Weiter und weiter wurde die Handlung gesponnen, immer wieder von Neuem kämpften die wenigen bisher nicht infizierten Menschen gegen Zombies (und einander), gerieten in ausweglose Situationen, verloren Freunde und Familie, um sich wieder aufzurappeln und weiterzukämpfen. Bei Zusehern und Kritikern kamen vor allem die ersten Staffeln sehr gut an, dann traten Ermüdungserscheinungen auf.

Nun ist ein Ende des Kampfes absehbar: Die US-Zombie-Serie "The Walking Dead“ wird 2022 eingestellt, teilte der produzierende Fernsehsender AMC mit. Die finale elfte Staffel soll 24 Folgen haben.

"Es sind nun schon zehn Jahre", erklärte AMC mit Blick auf die 2010 gestartete Serie. Bis zum Ende 2022 werde es aber noch "Geschichte um Geschichte" zu erzählen geben.

17 Millionen Zuschauer für eine einzige Folge

Zu besten Zeiten zog "The Walking Dead" - basierend auf einem 2003 veröffentlichten Comicbuch - 17 Millionen Zuschauer für eine einzige Folge an. In der Altersgruppe zwischen 18 und 49 Jahren war die Serie mehrere Staffeln lang die Sendung mit den meisten Zuschauern im US-Fernsehen.
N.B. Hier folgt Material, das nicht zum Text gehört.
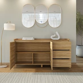 O Buffet Rennes 3 Gavetas - Casa D Móveis está um arraso, seu design moderno e inovador. Elaborado em material de MDP e MDF com acabamento em pintura UV, possui 3 gavetas com corrediças telescópicas, 2 portas, 1 prateleira interna que garante a organização e praticidade ao dia-a-dia, pois acomoda desde utensílios de cozinha, pratos, copos e objetos decorativos. Suas laterais são usinadas em MDF de 25mm, portas de MDF sem puxadores com dobradiças soft-close, e seus pés são de madeira maciça. Você vai se surpreender com a qualidade e design deste produto.Dimensões do Produto Montado:Altura: 84cmLargura: 166cmProfundidade: 38,5cmObservações:– Corrediças telescópicas– Pés em Madeira maciça– Tampo e Portas de MDF usinadas– Contém Três GavetasMarca: Casa DModelo: RennesReferência: 50534680WATENÇÃO: Não nos responsabilizamos pela montagem deste produto. Aconselhamos a contratação de um profissional.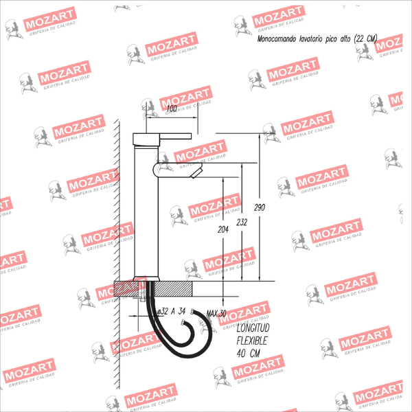 MOZART 9539 LAVATORIO DAKAR MONOCOMANDO ALTA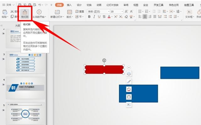 这时,如果需要将其他两个图形设置为相同格式,则单击工具栏【开始】下的【格式刷】,设置一个单击一下,如果设置多个图形,则双击格式刷,如下图所示: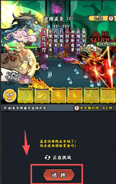 2、在关卡选择界面,点击“逃跑”按钮,进入战斗场景,开始挑战。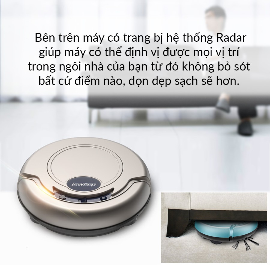 * Bên trên máy có trang bị hệ thống Radar giúp máy có thể định vị được mọi vị trí trong ngôi nhà của bạn từ đó không bỏ sót bất cứ điểm nào, dọn dẹp sạch sẽ hơn.

Sie verwies nicht nur die Shows der großen drei US-Sender ABC, NBC und CBS auf die Plätze, sondern auch Sportübertragungen. Das war zuvor noch keiner Serie eines Kabelsenders gelungen. Doch auch wenn "The Walking Dead" immer noch mit die besten Quoten im Kabelfernsehen hat, gehen die Zuschauerzahlen seit 2017 stark zurück.

Die Comicreihe „The Walking Dead“, die als Vorlage für die gleichnamige Fernsehserie diente, wurde bereits im Vorjahr eingestellt.